En realidad yo no calificaba como cercana, pero me alegró la invitación. La boda estaba anunciada a las doce treinta y era la una del día cuando por fin conseguí un espacio donde estacionar mi escoba para colarme al jardín sombrío y decadente en una casona de la Colonia Condesa, donde una juez charlatana y dicharachera oficiaba ya la ceremonia.
Abriéndome paso entre los invitados conseguí colocarme justo atrás de los contrayentes; para mirarlos mejor. Altos, fuertes, ataviados ambos con varoniles chilabas blancas de algodón egipcio y unas exquisitas sandalias de piel marrón que me provocaron envidia; los novios escuchaban a la juez.
En un detalle por demás tierno, el más joven de los dos, pasó su brazo por la cintura y recargó la cabeza sobre el hombro firme de su pareja; un psiquiatra de 62 años que al menos por la espalda se veía bastante bien. Mientras tanto, la juez los ponía al tanto de derechos y obligaciones del matrimonio hasta que llegó el momento de la verdad: "Y ahora señor Jorge Torralba Macías ¿acepta usted como su legítimo cónyuge al Señor Rubén Salazar Miñón?
Sí acepto, respondió mi amigo, prendida la mirada en la clarísima mirada de su compañero. ¿Y usted señor Rubén Salazar Miñón, acepta como su legítimo cónyuge al señor Jorge Torralba Macías? ¡Sí, acepto! respondió con firmeza el psiquiatra; y los novios procedieron a besarse.
¡Todavía no! -dijo la juez y continuó con su retórica hasta que llegó el momento de llamar a los testigos. La madre de mi amigo -guapísima mujer- con una actitud que percibí un poco contrita, firmó por su hijo. El hijo mayor del primer matrimonio del psiquiatra, con una risa nerviosa pasó a firmar por su padre.
Cumplidos todos los trámites, finalmente la juez declaró: "con el derecho que la sociedad me confiere, yo los declaro legalmente casados ...". Y autorizó: "ahora sí, ya pueden besarse".

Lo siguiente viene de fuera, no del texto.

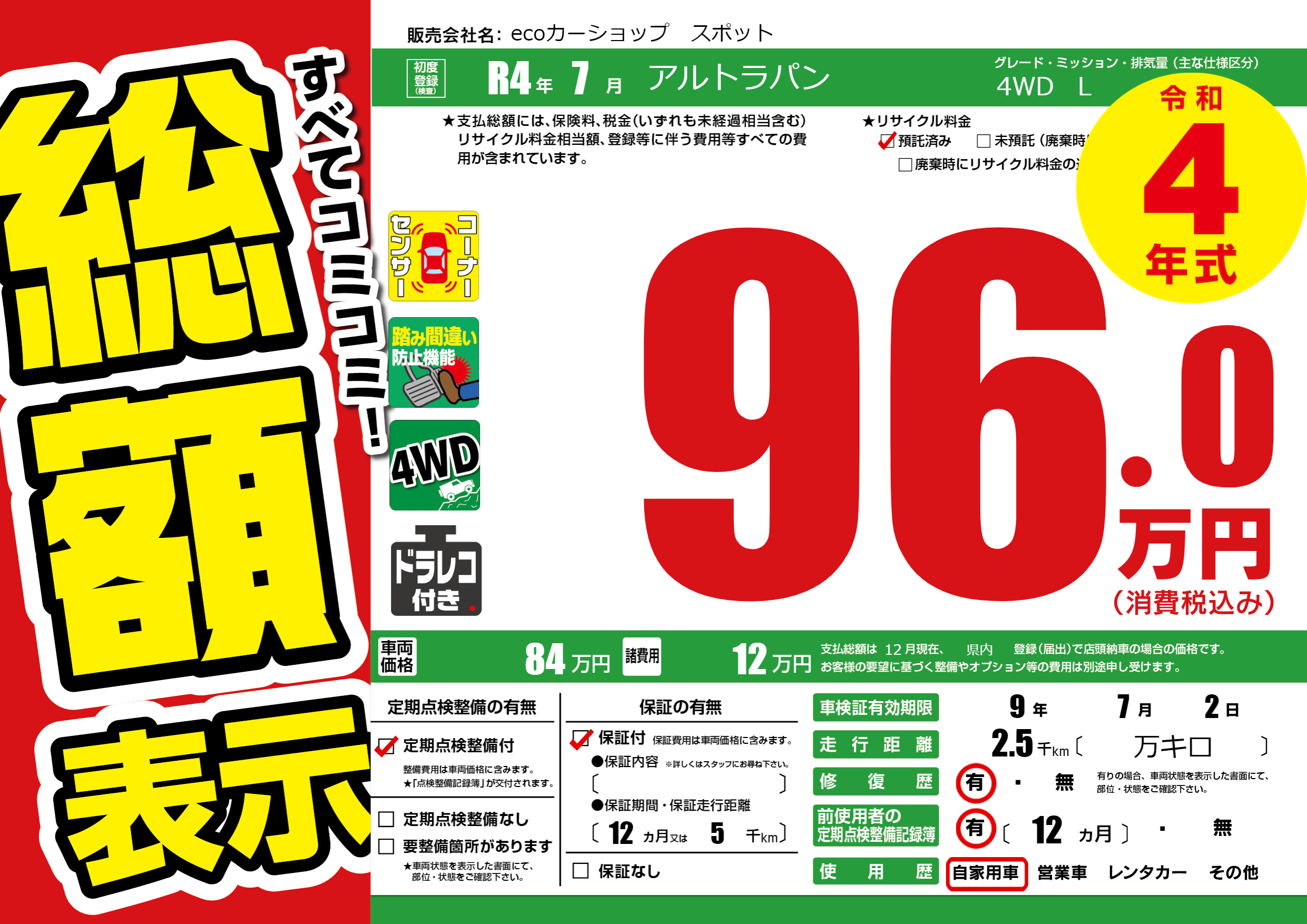 保証付き 保証内容(---) 12ヶ月または(5)千kmまで |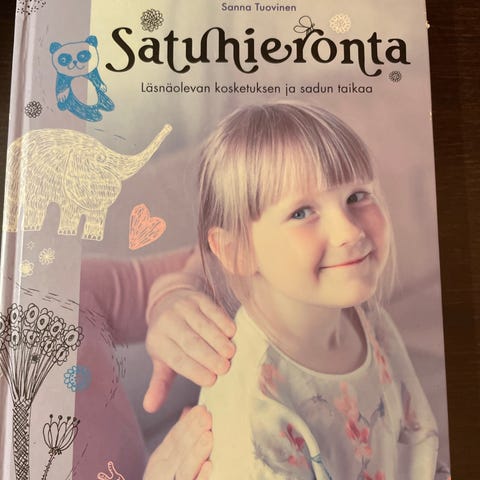 Satumetsässä on mahdollista nähdä asioita, joita vain harva pääsee näkemään, kokea ennen kokematonta, sekä pysähtyä huomaamaan elämään sisältyvä sadunhohtoisuus. Tämä valloittava satuhieronta-tuotekokonaisuus pitää sisällään lapsenomaista ihmettelyä ja iloa, sekä myös aikuista koskettavaa syvällisyyttä ja herkkyyttä. Opasvihko avaa kahdeksan satuhieorntakortin voimaannuttavia viestejä, sekä korttien käyttömahdollisuuksia.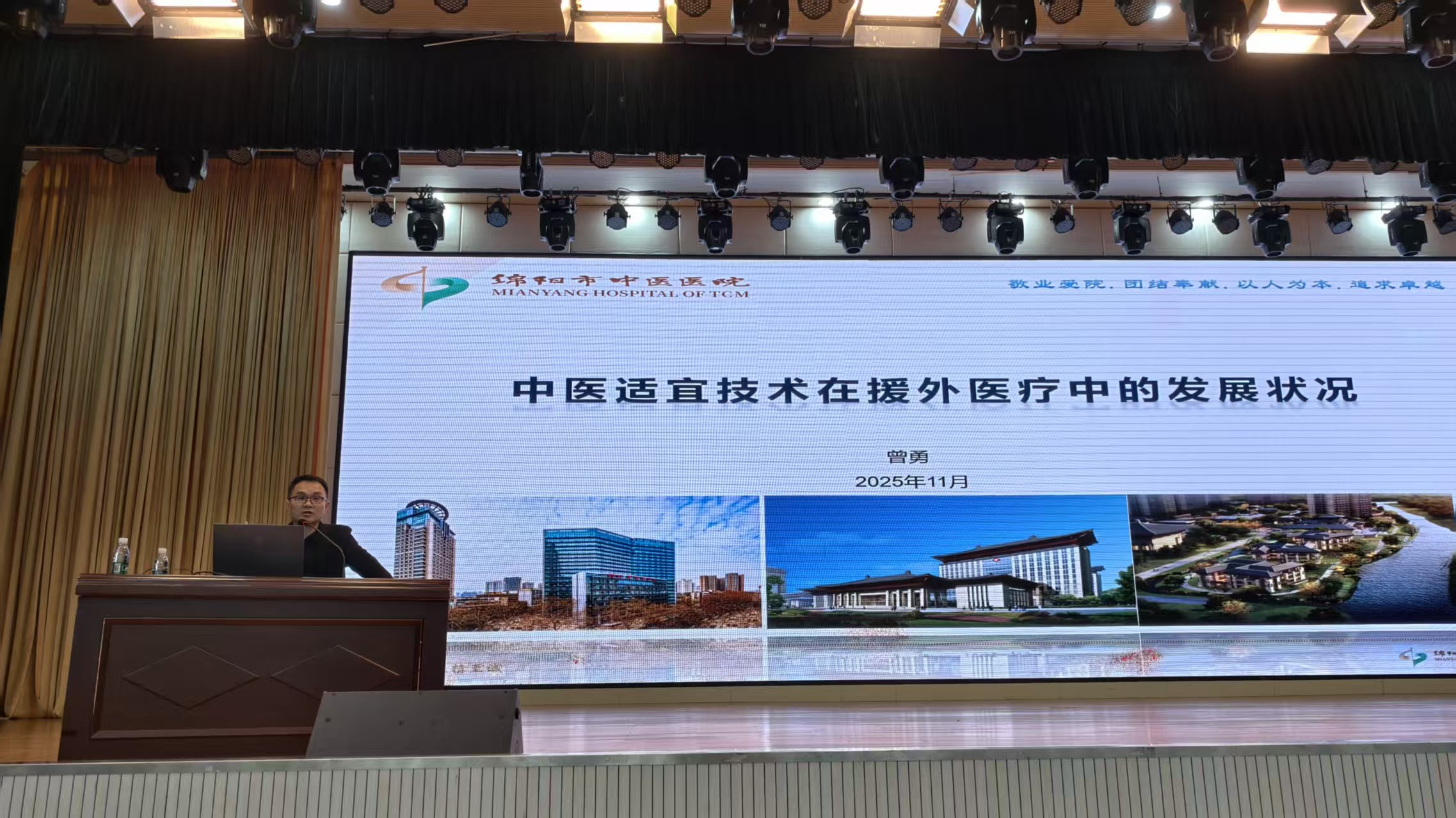 11月11日晚,针灸推拿学院在北园学术厅举办专题讲座,特邀中国第25批援非洲莫桑比克医疗队成员、绵阳市中医医院脑病中心副主任曾勇分享“中医适宜技术在援外医疗中的发展状况”。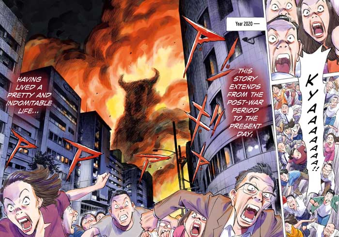 O quadrinho se inicia em 2020, justamente quando desses enormes monstros invade Tóquio destruindo tudo o que encontra pela frente. A história então é pausada e retorna a 1959, quando a menina Asa, de 12 anos de idade, corre pelas ruas de Nagoya em busca de um médico que ajude a mãe a dar a luz ao décimo-primeiro irmão dela.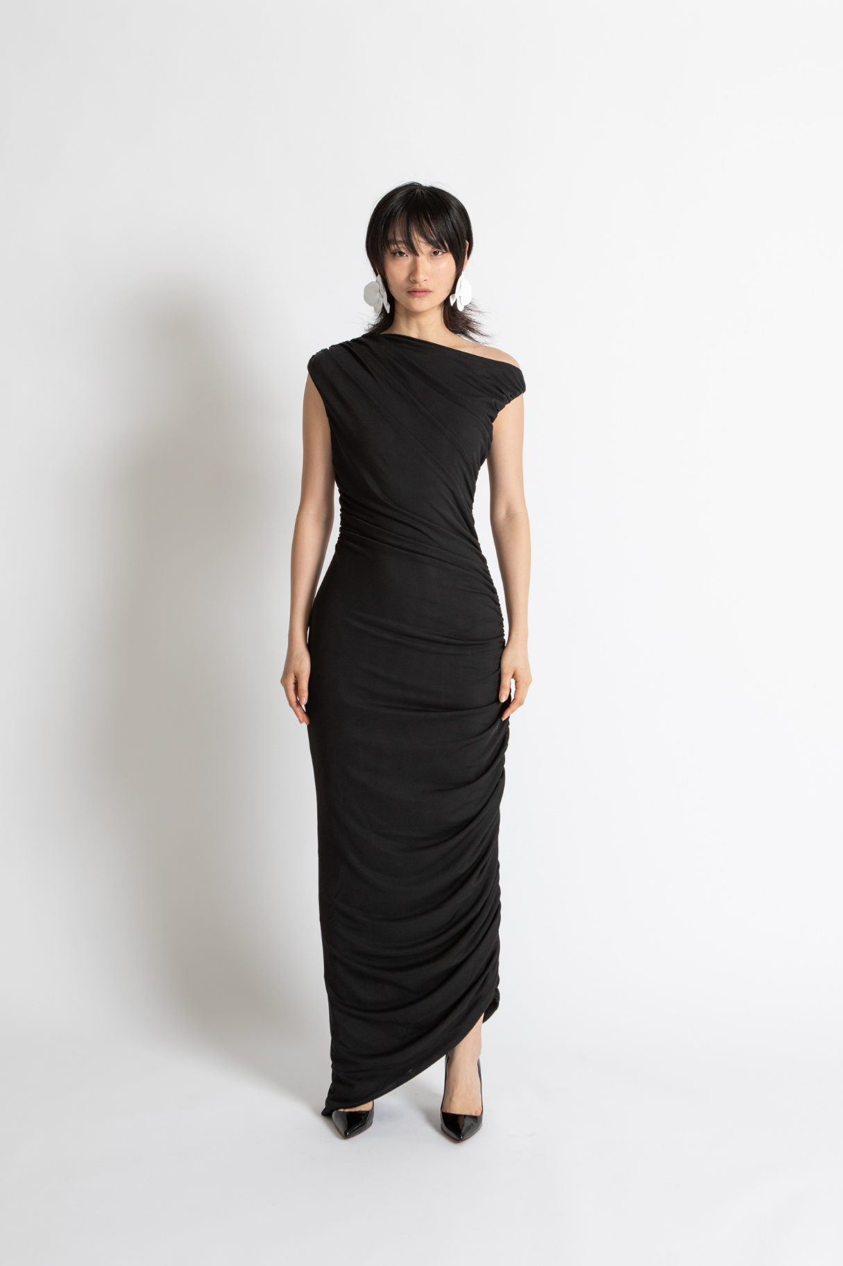 The Willow Dress is the epitome of Whisstler elegance. Draped in multiple layers of black mesh, and lined in stretch jersey, Willow has been designed to flatter all figures while keeping comfortable. Suitable for any formal occasion, the Willow Dress features an asymmetric neckline which thoughtfully drapes over one shoulder, and a unique asymmetric draped hem.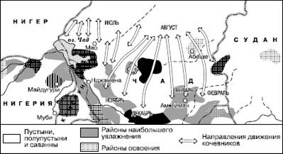 В таких природно-климатических условиях на протяжении столетий сложился и традиционный тип хозяйственной деятельности, основу которого образует кочевое и полукочевое скотоводство. Поголовье скота в Сахели насчитывает десятки миллионов голов. В северной полупустынной ее части это главным образом верблюды, овцы, в южной – крупный рогатый скот, овцы, козы. Во время короткого влажного периода скот пасется в северной части Сахели, в сухой сезон его отгоняют на юг (рис. 162). На юге Сахели распространено также богарное земледелие, сочетающееся со скотоводством. При таком использовании земли до недавнего времени удавалось сохранить относительное экологическое равновесие. Но во второй половине XX в. оно оказалось нарушенным. Некоторые ученые связывают это с наступлением в Сахели очередной засушливой климатической эпохи. Но большинство считают, что такое нарушение экологического равновесия объясняется сугубо антропогенными причинами. Анализ показывает, что среди них можно выделить три главных. В качестве первой причины назовем демографический взрыв, отчетливо проявившийся в Сахели еще в 1960—1970-е гг., когда во всех странах этой зоны среднегодовой прирост населения увеличился до 2,5–3 % в год и даже более. Известно, что при таких темпах прироста население удваивается каждые 23–28 лет. И неудивительно, что в начале 1990-х гг. население десяти стран Сахели достигло 120 млн, а к концу века превысило 160 млн человек. Уже одно это обстоятельство объясняет резкое увеличение «давления» на землю и другие природные ресурсы. В наши дни ни одна из стран Сахельской зоны не обеспечивает продовольствием своих жителей. В качестве второй причины можно назвать быстрый рост распашки земель и особенно – поголовья скота. Это явление – общее для Африки, где поголовье скота увеличилось с 270 млн голов в 1950 г. до 650 млн голов в конце 1990-х гг. Поскольку кормового зерна не хватает, почти весь крупный рогатый скот, а также 230 млн овец и 200 млн коз практически полностью находятся на отгоне и выпасе. Но в наибольшей степени это характерно для Сахели. Обычно в нарушении экологического равновесия в зоне Сахели больше всего обвиняют местных скотоводов. Существует даже выражение: «Кочевник – не столько сын, сколько отец пустыни». Действительно, еще в начале 1980-х гг. общее поголовье скота, который в Сахели служит главным мерилом богатства, примерно в три раза превысило норму, допускаемую емкостью пастбищ. Перевыпас стал приводить к быстрому их вытаптыванию, причем рыхлые песчаные почвы зачастую превращались в легко развеваемые пески. Но значительная часть «вины» лежит и на земледельцах, которые не только стали распахивать земли в южной части Сахели, раньше служившие зимними пастбищами для кочевников, но и начали продвигаться в северную, более засушливую ее часть, где находятся их летние пастбища. В результате между кочевниками и земледельцами развернулась настоящая борьба за источники водоснабжения. Третья причина, которую нужно назвать, – обезлесение. Может быть, по отношению к Сахели, где практически нет лесов, а растут обычно лишь отдельные группы деревьев и кустарников, сам этот термин несколько условен. Но тем большую экологическую опасность представляет сведение и этой небогатой растительности. Ее используют для прикорма скота в сухой сезон. Ее уничтожают из-за в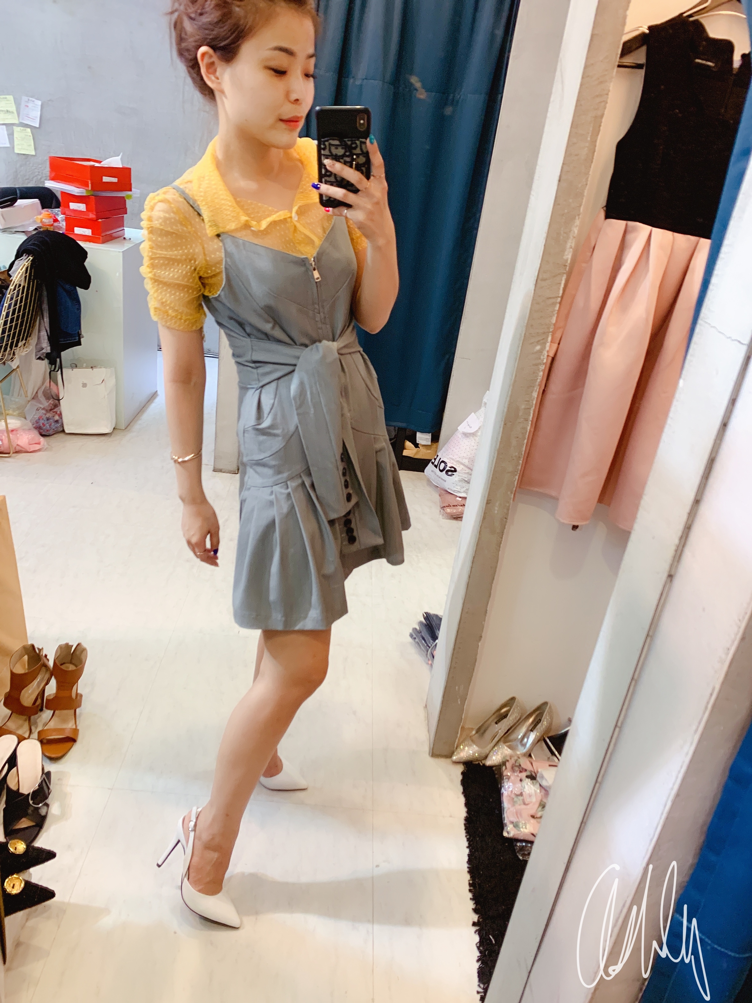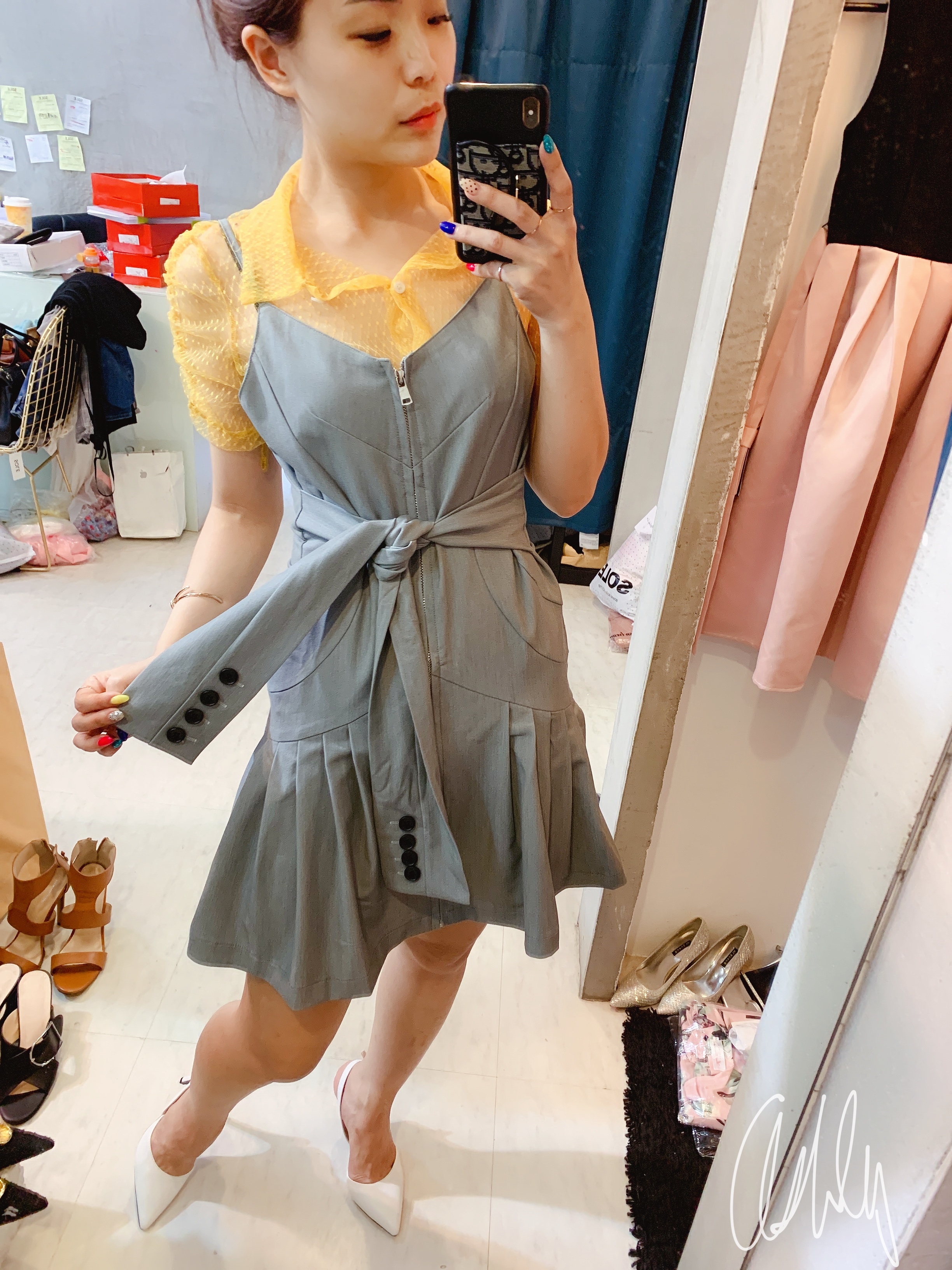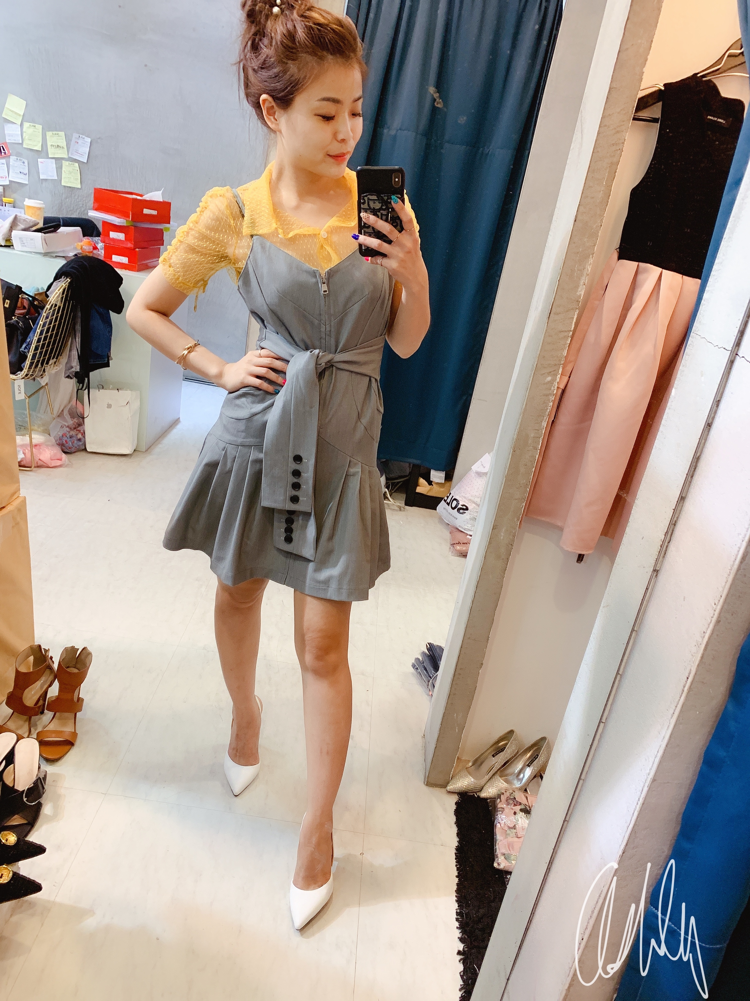 鮮艷的黃色襯衫搭配優雅的灰色百褶裙,展現時尚又清新的風格

Tímidamente al principio y después apasionadamente; la pareja selló con besos el compromiso. En ese momento, un coro de voces masculinas, que bajo la batuta de su director entonó ¡Aleluya! nos obligó a voltear hacia la terraza donde, cuarenta cantores de pie, perfectamente alineados y con la partitura en las manos, echaban sus voces al viento: el Himno a la alegría, un Canto a la Libertad; y finalmente un himno Gay:
"Tú a quien tratan de ofender llamándote maricón o playo/ has sido soldado desconocido/ de tantas y tantas guerras/ contra el hambre y las tiranías/ pasaste por las batallas de la intolerancia/ y te hicieron más fuerte/ sobreviviste con humor y estilo/ cabecilla de todo lo que es nuevo/ rebelde y emocionante/ compañero también e indulgente/ no olvides nunca tu legado". Finalizado el coro, nos ofrecieron bebidas y frutas frescas. En el fondo del jardín, las mesas prometían un espléndido banquete, pero yo, me despedí de los novios pensando: ¡Dios! cuánto nos asustan los cambios.